Input data START

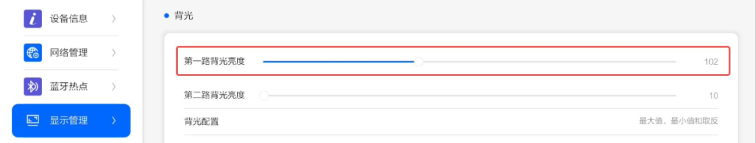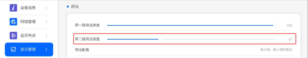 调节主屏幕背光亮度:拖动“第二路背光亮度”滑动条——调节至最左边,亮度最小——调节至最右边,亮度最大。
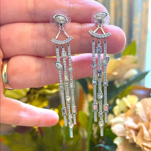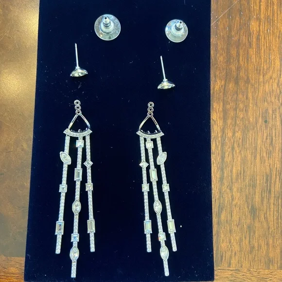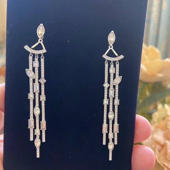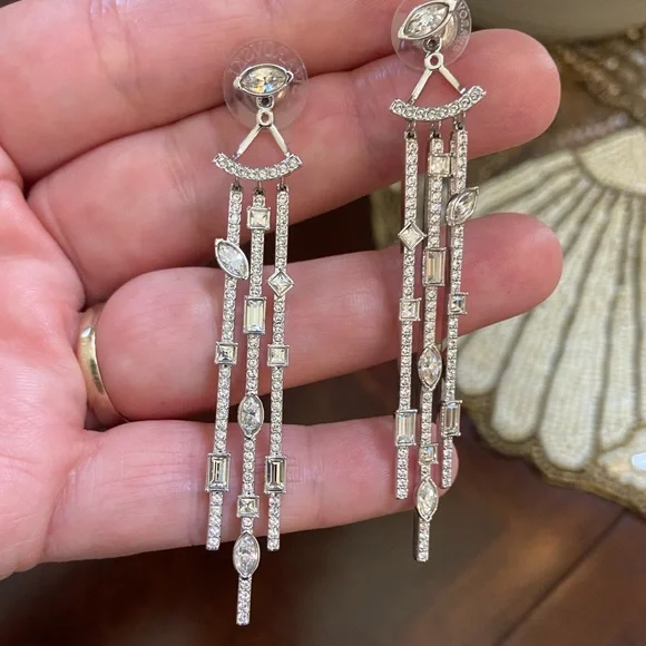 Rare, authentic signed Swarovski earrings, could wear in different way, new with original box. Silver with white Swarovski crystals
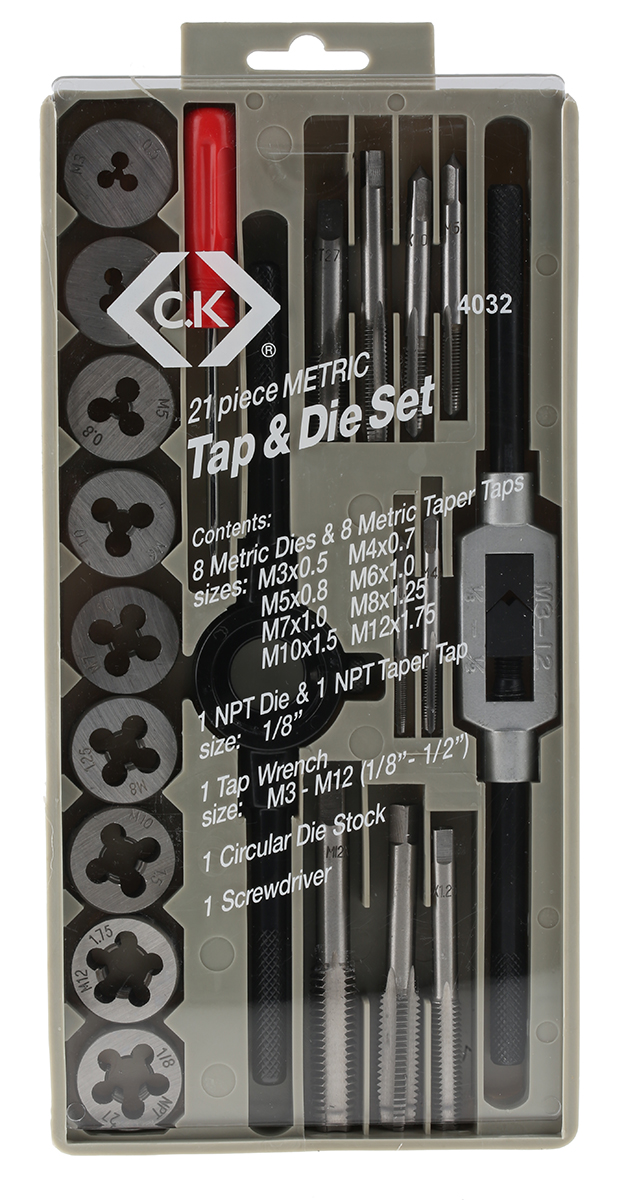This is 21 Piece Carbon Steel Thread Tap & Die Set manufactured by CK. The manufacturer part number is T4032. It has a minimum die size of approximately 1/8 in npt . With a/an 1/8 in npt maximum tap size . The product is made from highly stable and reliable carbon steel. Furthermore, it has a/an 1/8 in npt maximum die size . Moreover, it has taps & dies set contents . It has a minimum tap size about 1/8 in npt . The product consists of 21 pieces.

Input data END

Output the lines above in full and exactly as given, omitting any pictures.

 调节主屏幕背光亮度:拖动“第二路背光亮度”滑动条——调节至最左边,亮度最小——调节至最右边,亮度最大。
 Rare, authentic signed Swarovski earrings, could wear in different way, new with original box. Silver with white Swarovski crystals
This is 21 Piece Carbon Steel Thread Tap & Die Set manufactured by CK. The manufacturer part number is T4032. It has a minimum die size of approximately 1/8 in npt . With a/an 1/8 in npt maximum tap size . The product is made from highly stable and reliable carbon steel. Furthermore, it has a/an 1/8 in npt maximum die size . Moreover, it has taps & dies set contents . It has a minimum tap size about 1/8 in npt . The product consists of 21 pieces.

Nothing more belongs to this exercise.